Увидела она и Беатрису Бургундскую, герцогиню Остенбургскую, читающую, сидя у окна, «Поэму о розе и рыцаре», и солнечный луч, наискосок падающий на ее плечо и освещающий расписанные суриком страницы. Увидела, как слегка дрожит, словно листок под легким ветерком, ее белая, оттенка слоновой кости, рука, на которой мерцает в луче света золотое кольцо. Быть может, она любила и была несчастна, и ее гордость не смогла вынести пренебрежения этого человека, посмевшего отказать ей в том, в чем сам сэр Ланселот Озерный не осмелился отказать королеве Джиневре… А может, все было иначе, и наемник, вооруженный арбалетом, мстил за горечь и отчаяние, полыхнувшие вслед за агонией старой страсти, вслед за последним поцелуем и жестоким прощанием… Над раскинувшимся за окном пейзажем в голубом небе Фландрии плыли облака, а дама читала, поглощенная лежащей на коленях книгой. Нет. Это невозможно, ибо Фердинанд Альтенхоффен никогда бы не стал воздавать почестей измене, а Питер ван Гюйс — тратить на это свои искусство и талант… Предпочтительнее было думать, что опущенные глаза не смотрят прямо, потому что таят слезу. Что черный бархат — это траур по собственному сердцу, пробитому той же самой стрелой, что просвистела у рва. По сердцу, склонившемуся перед государственными интересами, перед шифрованным посланием кузена — Карла, герцога Бургундского: в несколько раз сложенным пергаментом с сургучной печатью, который она, немея от тоски, смяла холодными руками, прежде чем сжечь его в пламени свечи. Конфиденциальное послание, переданное тайными агентами. Интриги и паутина, плетущиеся вокруг герцогства и его будущего, составляющего часть будущего Европы. Французская партия, бургундская партия.
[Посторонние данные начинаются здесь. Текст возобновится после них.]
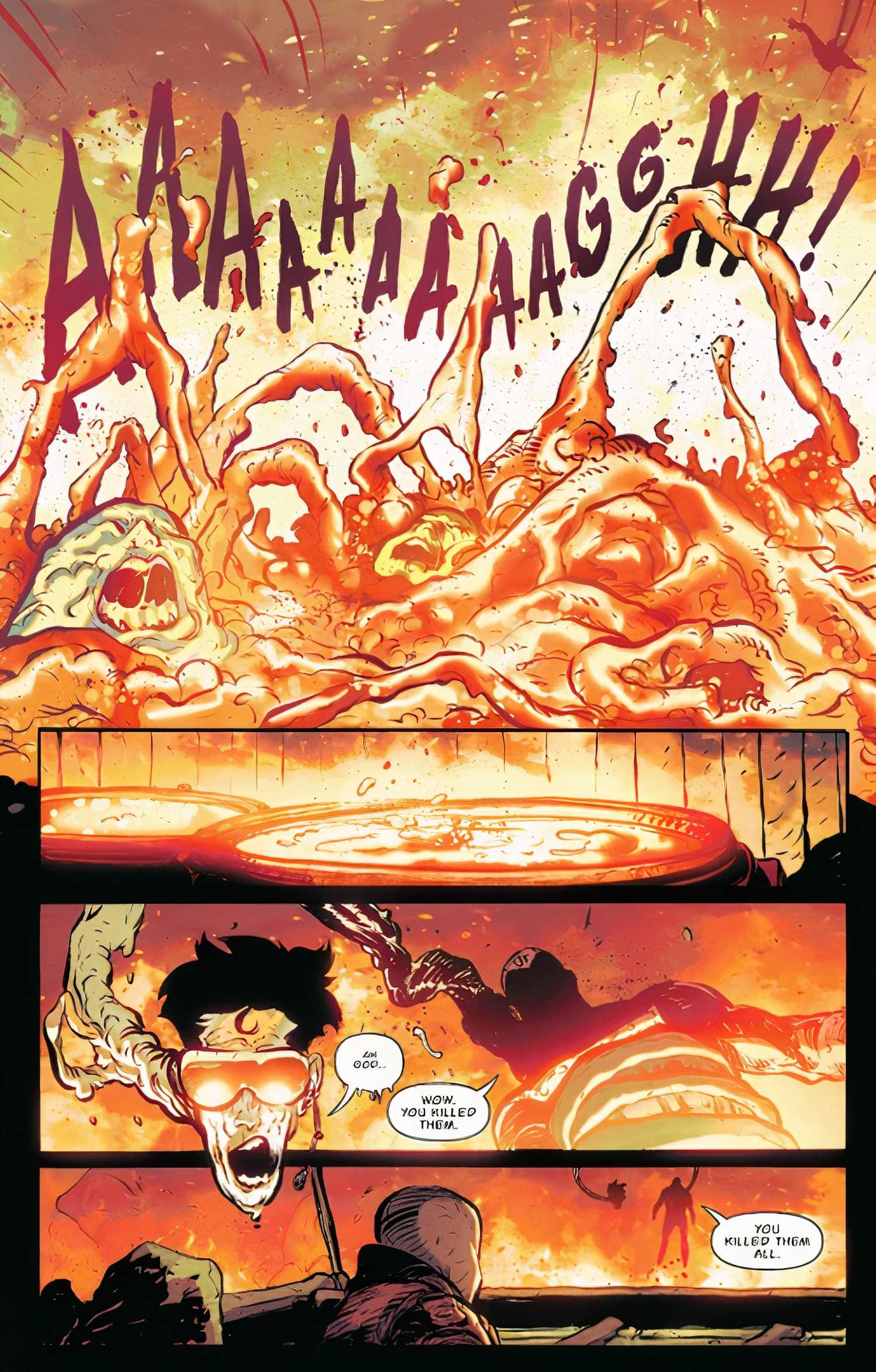 Mientras observa a sus hermanos derretirse, las escalofriantes palabras de Uranium, “Wow. Tú los mataste. Los mataste a todos”. marcan inequívocamente la transformación de Plastic Man en un asesino. Sus acciones, llevadas a cabo bajo la apariencia de un rescate, han provocado la muerte de seis héroes muy queridos. Estas muertes, sin embargo, no son sólo trágicas: sirven como un sombrío presagio de más víctimas por venir. El plan de Plastic Man es peligrosamente imprudente y la amenaza de una mayor destrucción acecha. Con la bomba nuclear aún en el horizonte, está claro que más vidas, ya sean héroes o civiles inocentes, podrían quedar atrapadas en las consecuencias.
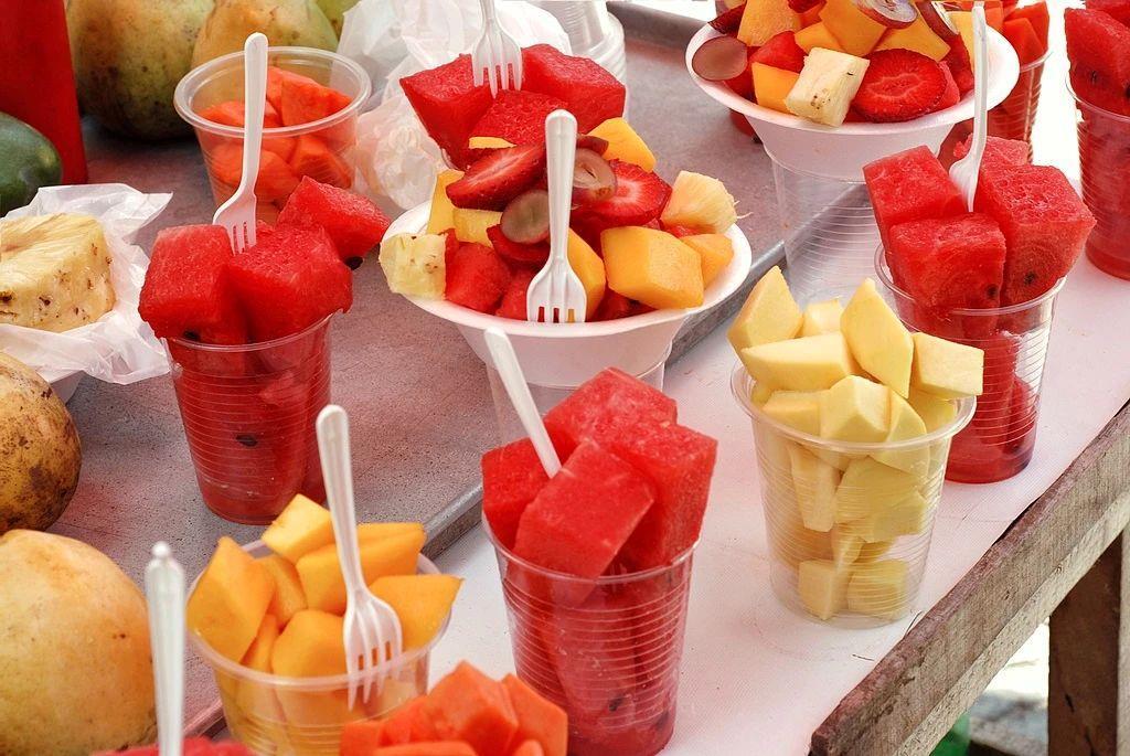 路边摊位上摆放好的果切,我们并不清楚制作和存放时间。水果变质的程度会随着存放时间的延长而增加,食用安全风险也会随之增加。
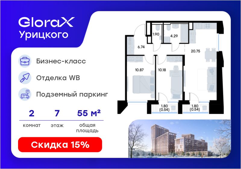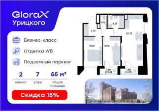 Продаётся 2-комнатная квартира в строящемся доме (Корпус 1), срок сдачи: II-кв. 2028, общей площадью 55.81 кв.м., на 7 этаже. GloraX Урицкого - это новый квартал, рожденный в сердце Московского района Казани, там, где встречаются энергия большого города и тишина старых парков. Проект создает пространство для тех, кто хочет чувствовать себя в центре событий, но при этом возвращаться домой в атмосферу уюта и спокойствия.
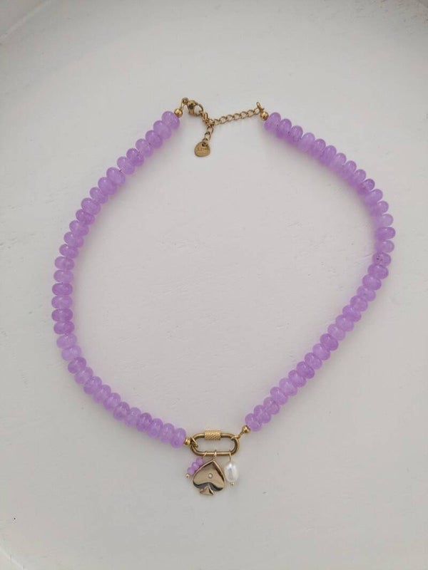 Ketting van natuursteen kralen met 3 leuke bedels. De bedels kunnen eraf gehaald worden. Er kunnen ook andere bedels aan of alleen een sluiting.
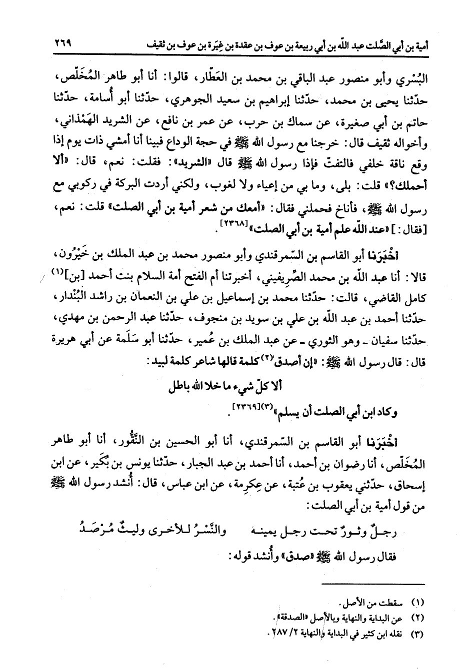 البسري وأبو منصور عبد الباقي بن محمد بن العطار قالوا أنا أبو طاهر المخلص حدثنا يحيى بن محمد حدثنا إبراهيم بن سعيد الجوهري حدثنا أبو أسامة حدثنا حاتم بن أبي صغيرة عن سماك بن حرب عن عمر بن نافع عن الشريد الهمذاني وأخواله ثقيف قال خرجنا مع رسول الله (صلى الله عليه وسلم) في حجة الوداع فبينا أنا أمشي ذات يوم إذا وقع ناقة خلفي فالتفت فإذا رسول الله (صلى الله عليه وسلم) قال الشريد فقلت نعم قال ألا أحملك قلت بلى وما بي من أعياء ولا لغوب ولكني أردت البركة في ركوبي مع رسول الله (صلى الله عليه وسلم) فأناخ فحملني فقال أمعك من شعر أمية بن أبي الصلت قلت نعم فقال عند الله علم أمية بن أبي الصلت أخبرنا أبو القاسم بن السمرقندي وأبو منصور محمد بن عبد الملك بن خيرون قالا أنا عبد الله بن محمد الصريفيني أخبرتنا أم الفتح أمة السلام بنت أحمد بن (1) كامل القاضي قالت حدثنا محمد بن إسماعيل بن علي بن النعمان بن راشد البندار حدثنا أحمد بن عبد الله بن علي بن سويد بن منجوف حدثنا عبد الرحمن بن مهدي حدثنا سفيان وهو الثوري عن عبد الملك بن عمير حدثنا أبو سلمة عن أبي هريرة قال قال رسول الله (صلى الله عليه وسلم) إن أصدق (2) كلمة قالها شاعر كلمة لبيد * ألا كل شئ ما خلا الله باطل وكاد ابن أبي الصلت أن يسلم (3) أخبرنا أبو القاسم بن السمرقندي أنا أبو الحسين بن النقور أنا أبو طاهر المخلص أنا رضوان بن أحمد أنا أحمد بن عبد الجبار حدثنا يونس بن بكير عن ابن إسحاق حدثني يعقوب بن عتبة عن عكرمة عن ابن عباس قال أنشد رسول الله (صلى الله عليه وسلم) من قول أمية بن أبي الصلت * رجل وثور تحت رجل يمينه * والنسر للأخرى وليث مرصد * فقال رسول الله (صلى الله عليه وسلم) صدق وأنشد قوله

Глухая война дипломатий, не менее безжалостная, чем самое жестокое сражение на поле брани: без героев, но с палачами, одетыми в бархат и кружева, оружием которым служили кинжал, яд и арбалет… Голос крови, долг, к исполнению которого призывала семья, не требовали ничего такого, что впоследствии не могло бы быть облегчено надлежащим покаянием. А требовали они всего лишь ее присутствия, в определенный день и час, у окна башни восточных ворот, где каждый вечер, на закате, камеристка расчесывала ей волосы. У окна, под которым Роже Аррасский прогуливался каждый день, в один и тот же час, в полном одиночестве, размышляя о своей запретной любви и о своей тоске.
Да. Быть может, черная дама так низко склоняла взор, устремленный на книгу на коленях, не потому, что была погружена в чтение, а потому что плакала. А может, не смела прямо смотреть в глаза художнику, потому что ими, в общем-то, на нее взирали Вечность и История.